Review by Ian Keogh
Nate Cosby and Ben McCool’s starting point for Pigs seems to have been that more and more Americans are likely to question what they’re being told. So what of the children of the demons of old? What do they now believe? After all, citizens of the former Soviet Union were similarly indoctrinated, perhaps less subtly, with an ideology that also hardly represented the world accurately.
A nicely scripted sequence set in 2011 runs through the opening chapter, a fearless elderly Russian woman being interrogated and providing sardonic responses to aggressive questioning. Other scenes are mixed in leading to a fantastic chapter ending. The next chapter picks up on people seen arriving in Miami and develops into equally terrifying circumstances, Cosby and McCool presenting nicely twisted action sensibilities. The next two chapters also have horrible, horrible scenes as we learn how the group of adults we’re seeing newly arrived in Miami learned their trade in Cuba. They’re great.
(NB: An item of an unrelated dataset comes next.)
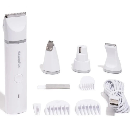 Mewoofun 4 in 1 Pet Electric Hair Trimmer with 4 Blades Grooming Clipper Nail Grinder Professional Recharge Haircut For Dogs Cat

The deal is that in 1961 a group of loyal Soviets were planted in Cuba with a set of codes that would activate a specific mission when passed on. As these people aged and the mission never came, they remained loyal to their ideals and trained their children in the belief that one day they would be tasked to take on the mission instead. Now that day has come. Will the children be minded to carry it out?
With a killer idea for a plot and some well devised horrific scenes, Pigs should be really attention-grabbing, and that it only rates slightly better than average is down to primary artist Breno Tamura. There’s the occasional nice page, and Tamura distinguishes a large cast well, but Pigs is dull-looking, with people seen from odd angles, distorted faces and puzzling mistakes. One of the more impressive pieces is a full page looking up at someone pointing a rocket launcher. Fair enough one arm would be bent holding the device, but as drawn by Tamura it looks as if the other arm is also missing. It’s not, but it takes study to work out why that’s the case. For the final chapter Will Sliney contributes sequences set in the past, and they’re considerably better drawn, the only problem being that he doesn’t appear to have seen any of Tamura’s earlier flashback scenes and draws the main cast looking a lot younger.
In keeping with the remainder of Hello, Cruel World, the ending is a killer, and the story continues in San Quentin Blues.